Experience in using SqlBulkCopy (massive data import) and experience in using sqlbulkcopy
Article reprinted original address: http://www.cnblogs.com/mobydick/archive/2011/08/28/2155983.html
Recently, due to the lazy work of previous designers, the extended information of a table is stored in a "key-value" table instead of in the paradigm. For example:
For each piece of information in the primary table, there are about 60 "keys". That is to say, each entry in the primary table requires 60 records to be inserted in the subtable.
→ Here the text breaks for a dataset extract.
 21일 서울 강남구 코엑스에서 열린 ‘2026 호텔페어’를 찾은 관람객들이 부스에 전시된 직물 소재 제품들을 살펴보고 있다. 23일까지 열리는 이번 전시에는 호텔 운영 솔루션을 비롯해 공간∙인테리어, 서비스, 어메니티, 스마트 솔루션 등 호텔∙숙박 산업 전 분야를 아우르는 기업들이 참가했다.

It is estimated that the final data volume in the primary table is about 0.2 million, that is, 20x60 = 12 million records in the subtable. For the same type of "Master-Sub" tables, we have a total of four pairs, not to mention the query efficiency of these tables. Data Import once a day alone is a huge challenge for us.
Technorati label: SqlBulkCopy
Here I spoke about it. A 100,000-level database was designed to generate tens of millions of junk "designers. In addition, the original data insertion scheme was to generate an Insert statement for each piece of data and call ExecuteNoQuery one by one to execute the statement one by one. The consequence was that the 3000 master table records were used for the test, 3000x60x4 = 0.72 million pieces of data, completed in 7 hours, Performance 30 records/second. Later, he resigned, changed his individual, and then resigned in the second role. The third role was the next employee.
After the project was in my hands, I re-designed the software structure with my insistence. Because the database system has been used by another subsystem, I cannot change it, we had to find an efficient insertion method.
At the beginning, I used multithreading and opened 10 threads to improve the performance to 300 records per second. It took about 40 minutes to insert test records. For 60 times more formal data, the 40-hour execution clearly does not meet our daily data import requirements.
Through Google, I found SqlBulkCopy.
After testing, I am very satisfied with the performance. If there are 4000 records/second, use it first. The focus of the next stage is to kill the "key-value" table.
During use, I also encountered some "inexplicable" problems. Write down them here for query.
- 2. The default time-out period of SqlBulkCopu is 30 seconds, 30x4000 = 12 thousand, which cannot meet the needs of one-time insertion of a single table and is changed to 3600 seconds.